====== STORED DATA ======
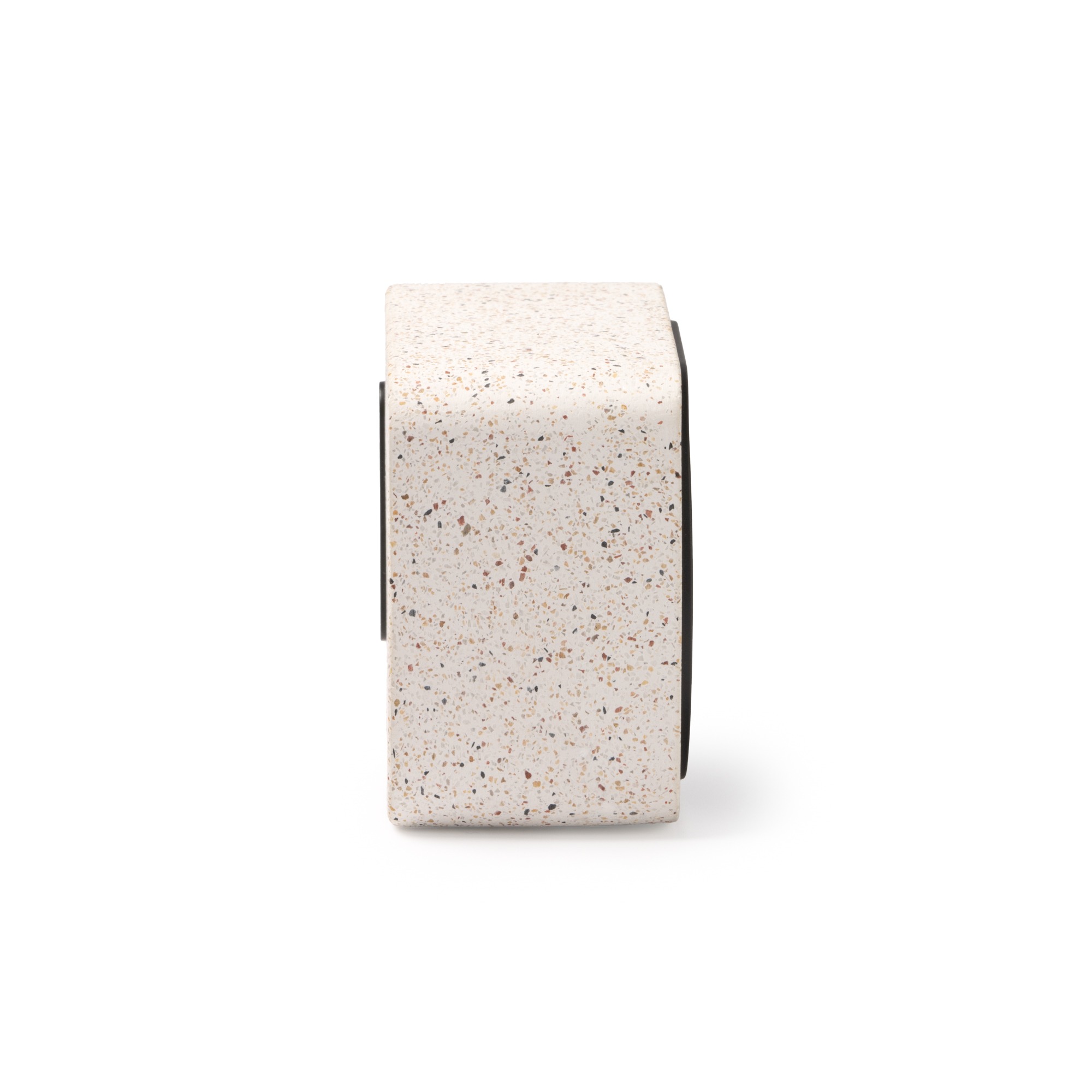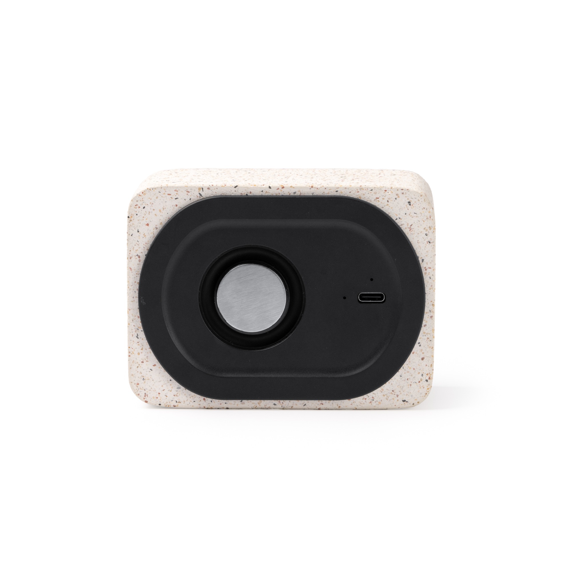 Altoparlante wireless con corpo in pietra di terrazzo riciclata e bambù. Potenza: 5W. Cavo di tipo C incluso. Confezione in scatola con design ecologico.
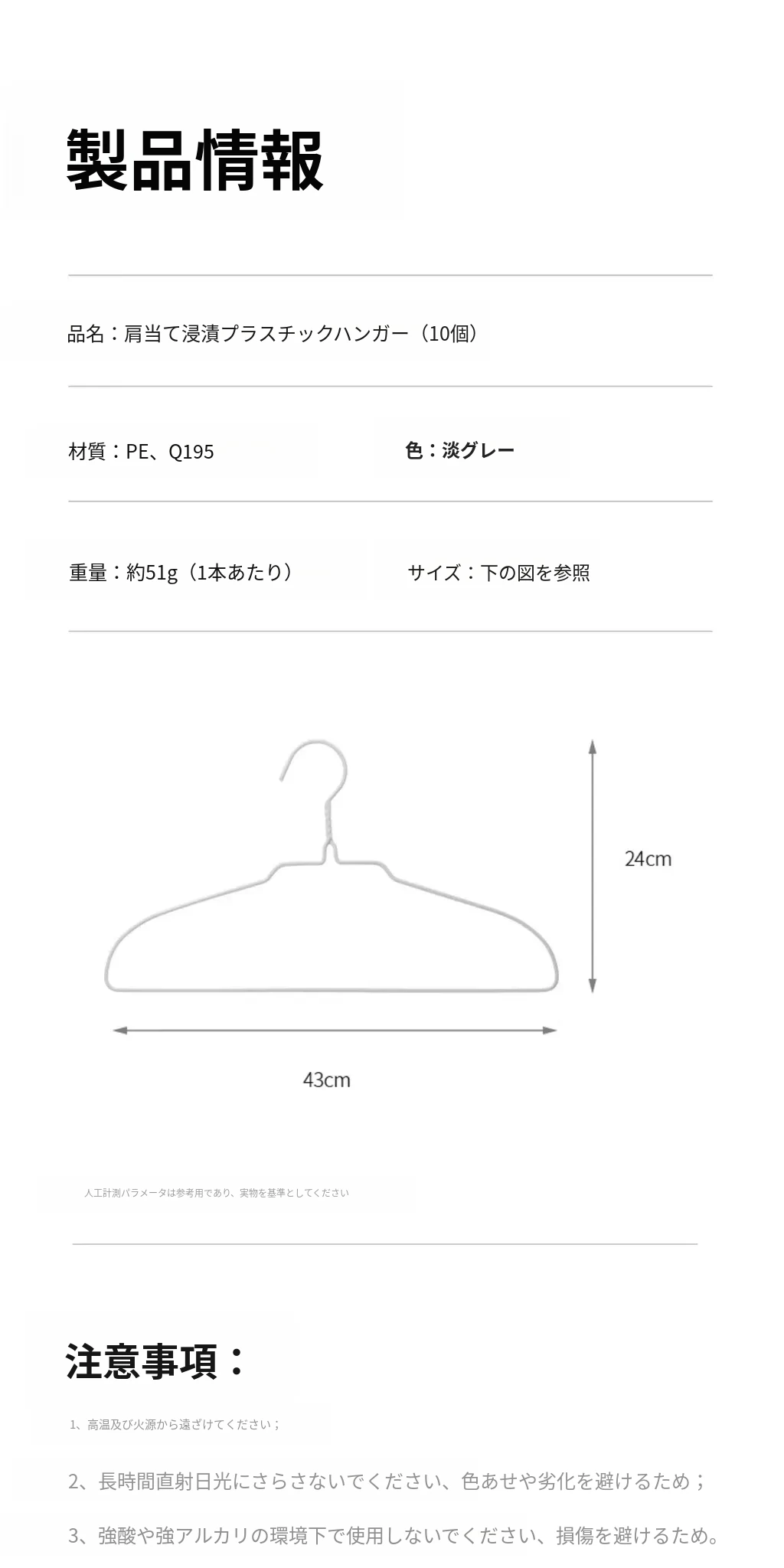 肩パッド付きプラスチックハンガー
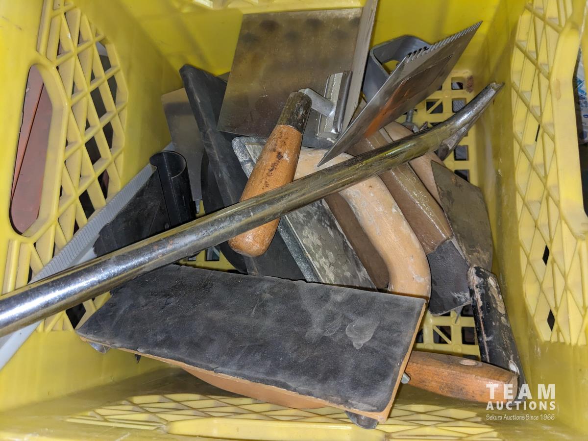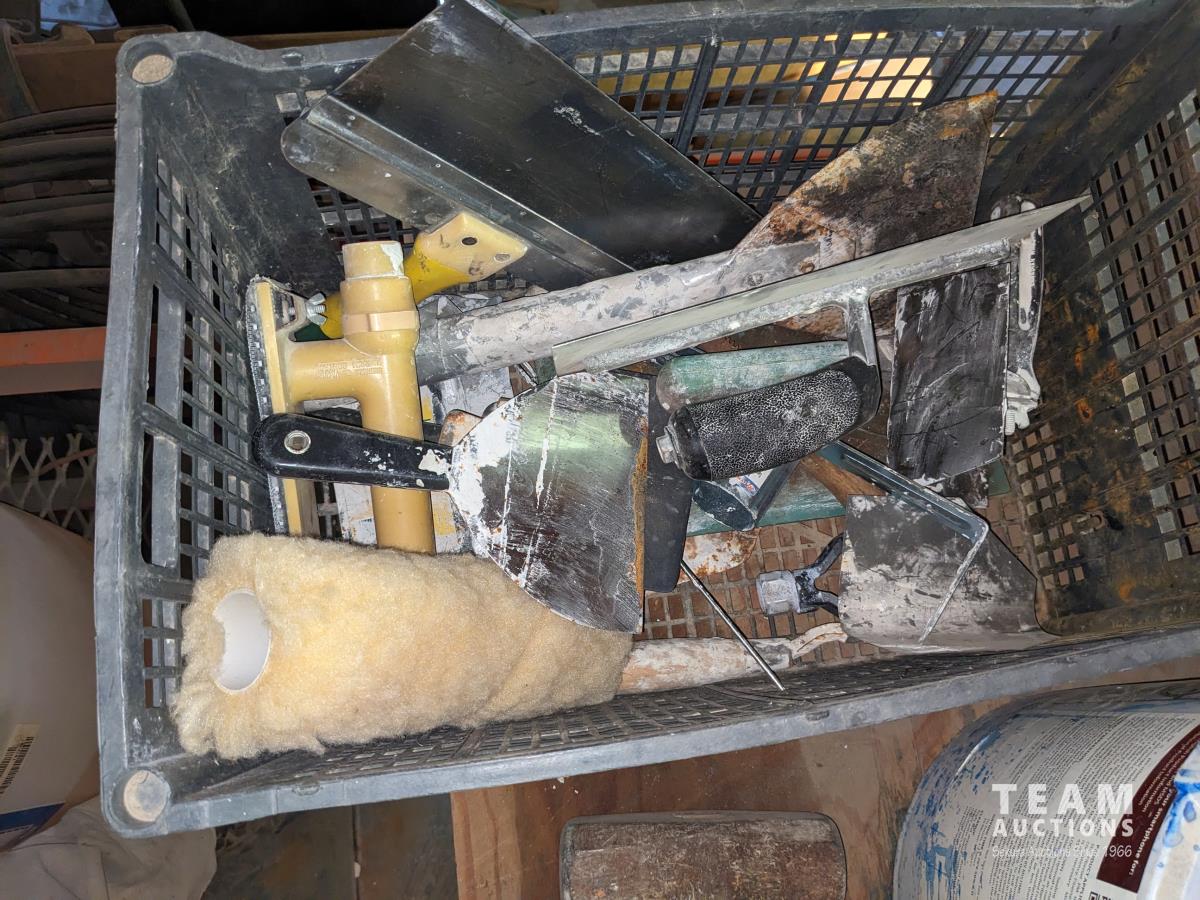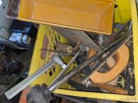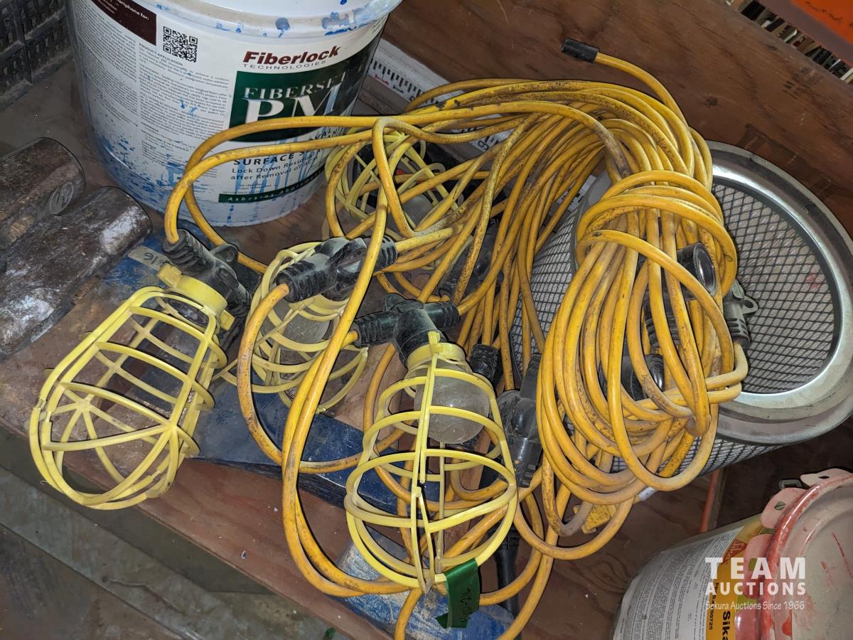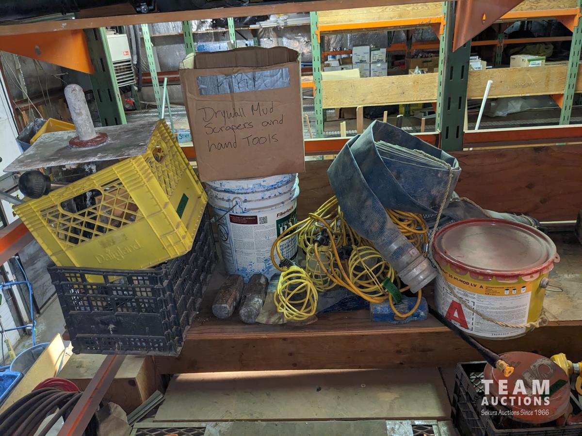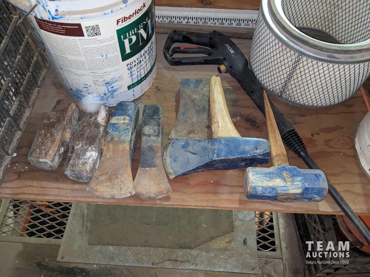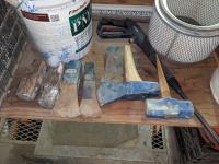 3 inch lay flat hose, work string light, qty of hammer and axe heads, qty of drywall mud tools, air filter, pressure washer wand
======
The expected output is an exact retyping of the lines from the line with "肩パッド付きプラスチックハンガー" through the last line of the data, with both ends kept and the pictures dropped.

_OUTPUT_
 肩パッド付きプラスチックハンガー
 3 inch lay flat hose, work string light, qty of hammer and axe heads, qty of drywall mud tools, air filter, pressure washer wand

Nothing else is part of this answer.